We rolled back the release containing the query. Because queued retries continued to saturate the database, rollback alone did not restore service.

We then disabled automatic retries, allowed existing database work to drain, and restarted publishing workers at reduced capacity. Capacity was increased gradually while monitoring database CPU, connection usage, job latency, and error rate.

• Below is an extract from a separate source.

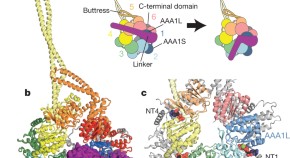 Dynein is a molecular motor involved in many cellular functions. The motor domain of dynein contains six AAA+ domains forming a ring that interacts with the motile linker domain. The structure of yeast dynein motor domain crystallized without nucleotides is now presented at 3.3-Å resolution and shows the specific contacts between linker and ring, with nucleotide interactions at the different AAA+ domains revealed by soaking experiments.

After the database stabilized, we re-enabled retries with a temporary concurrency cap. A reconciliation job identified failed and stalled publishing jobs and safely requeued them. Duplicate drafts created during the incident were flagged for cleanup without deleting customer content automatically.

## What Went Well

- Existing RSS feeds and audio delivery were isolated from the publishing path and remained available.
- Database connection-pool monitoring detected the issue within three minutes.
- The deployment was reversible without a schema rollback.
- Job processing was idempotent, allowing stalled jobs to be replayed without duplicating published episodes.
- Support and status-page communications began within 31 minutes of the first customer impact.

## What Went Poorly

- The publishing-specific alert confirmed the outage too slowly.
- The rollback did not stop retries, which extended recovery time.
- Staging performance results created false confidence in the query.
- Shared database capacity allowed publishing failures to delay analytics dashboards.
- The customer interface encouraged manual retries without explaining that processing might still complete.
- The incident runbook did not document how to pause retries globally.

## Action Items

| Action | Owner | Priority | Due Date |
|---|---|---:|---|
| Add a composite index on `publishing_jobs(podcast_id, episode_id, state, created_at DESC)` and validate its production query plan | Database Team | P0 | July 17, 2026 |
| Add a global retry circuit breaker and per-service concurrency limits | Publishing Team | P0 | July 24, 2026 |
| Reduce publishing success-rate alerting window from 15 minutes to 5 minutes | Reliability Team | P0 | July 17, 2026 |
| Create a production-scale anonymized dataset for database performance testing | Developer Infrastructure | P1 | August 14, 2026 |
| Require query-plan review for changes accessing tables above 100 million rows | Database Team | P1 | July 31, 2026 |
| Separate publishing-worker and API database connection budgets | Platform Team | P1 | August 7, 2026 |
| Add deployment monitoring for per-query latency regressions | Observability Team | P1 | August 21, 2026 |
| Add a documented and tested procedure for pausing publishing retries | Reliability Team | P1 | July 24, 2026 |
| Update the publishing UI to distinguish delayed jobs from terminal failures | Web Application Team | P2 | August 28, 2026 |
| Add duplicate-draft detection for repeated uploads of the same audio and metadata | Publishing Team | P2 | September 11, 2026 |
| Evaluate isolating analytics and publishing workloads onto separate database clusters | Architecture Group | P2 | September 18, 2026 |

## Lessons Learned

A reversible application deployment does not guarantee a fast recovery when the failed version creates persistent asynchronous work. Rollback procedures must account for queued jobs, retries, and other load that survives the deployment itself.

We also need performance tests that reflect production data size and distribution. Query latency against a small staging dataset was not a meaningful predictor for a table containing hundreds of millions of rows. Future changes to high-volume tables will require production-scale query-plan validation before release.